Lucas 9

Zending van de twaalf

1Hij riep de twaalf bij elkaar en gaf hun kracht en gezag over alle demonen, en ter genezing van ziekten. 2En Hij zond hen uit om het koninkrijk van God te verkondigen en zieken gezond te maken. 3Hij zei tegen hen: ‘Neem niets mee voor onderweg, geen stok, geen reistas, geen brood, geen geld en geen extra kleren. 4Als je bij iemand onderdak krijgt, blijf dan daar tot je verder reist. 5Kom je in een stad waar de mensen je niet ontvangen, ga er dan weg en schud het stof van je voeten, als een getuigenis tegen hen.’ 6Toen gingen ze op weg; ze trokken van dorp naar dorp en overal verkondigden ze de goede boodschap en genazen ze de zieken.

Herodes’ nieuwsgierigheid

7Herodes, de tetrarch, hoorde wat er allemaal gebeurde, maar hij wist niet wat hij ervan moest denken, omdat sommigen zeiden: ‘Johannes is uit de doden opgewekt’, 8terwijl anderen zeiden: ‘Elia is teruggekomen’, en weer anderen: ‘Een van de oude profeten is opgestaan.’ 9Maar Herodes zei: ‘Johannes heb ik laten onthoofden; wie is dat toch over wie ik al die verhalen hoor?’ Hij wilde Hem eigenlijk wel eens zien.

Terugkeer van de twaalf.

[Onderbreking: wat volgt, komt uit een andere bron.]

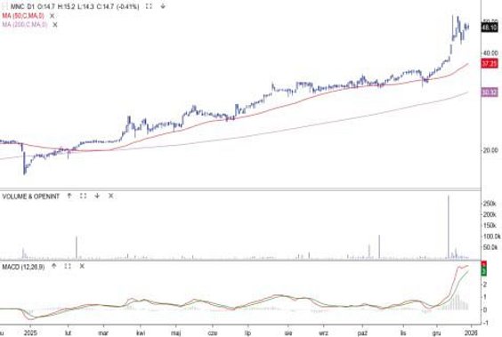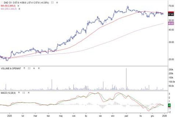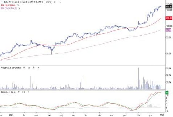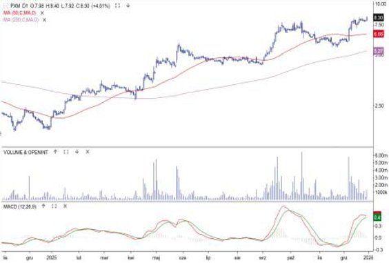 Kurs akcji budowlanej spółki wzrósł w 2025 r. o 292 proc. To najwyższa stopa zwrotu spośród niegroszowych spółek z GPW. Cena akcji poruszała się w trendzie wzrostowym, a wszystkie korekty zatrzymywały się w strefie między średnimi z 50 i 200 sesji. Notowania napędzała poprawa wyników i rosnący portfel zamówień (na koniec III kwartału jego wartość wynosiła 7,87 mld zł, a przychody po trzech kwartałach sięgały blisko 3 mld zł). Spółka zakończyła rok nowym szczytem hossy 8,4 zł. Ostatnia rekomendacja, od DM Trigon z 5 grudnia, ma cenę docelową 8,5 zł. Najbliższy techniczny opór to 10 zł, a wsparcie 6,7 zł (średnia z 50 sesji).

Jezus geeft vijfduizend mensen te eten

10Toen de apostelen bij Jezus waren teruggekeerd, brachten ze Hem verslag uit van wat ze hadden gedaan. Daarna trok Hij zich alleen met hen terug in de omgeving van de stad Betsaïda. 11Maar de mensen kwamen erachter en volgden Hem; Hij ontving hen vriendelijk, sprak hun over het koninkrijk van God en maakte gezond wie genezing nodig had. 12Toen de dag ten einde liep, kwamen de twaalf naar Hem toe en zeiden: ‘Stuur de mensen weg, dan kunnen ze onderdak zoeken in de dorpen en op de hoeven in de buurt en wat gaan eten; hier zijn we in een eenzame streek.’ 13Maar Hij zei tegen hen: ‘Jullie moeten hun te eten geven.’ Zij zeiden: ‘Wij hebben niet meer dan vijf broden en twee vissen, of we zouden voor al dat volk eten moeten gaan kopen’; 14want ze waren met ongeveer vijfduizend man. Daarop zei Hij tegen zijn leerlingen: ‘Laat ze gaan zitten in groepen van ongeveer vijftig.’ 15Dat deden ze, ze vroegen iedereen om te gaan zitten. 16Toen nam Jezus die vijf broden en twee vissen. Hij keek op naar de hemel, sprak de zegenbede uit en brak ze, en gaf ze aan de leerlingen om aan de mensen uit te delen. 17Ze hadden allen volop te eten, en wat er overschoot werd opgehaald, twaalf manden vol.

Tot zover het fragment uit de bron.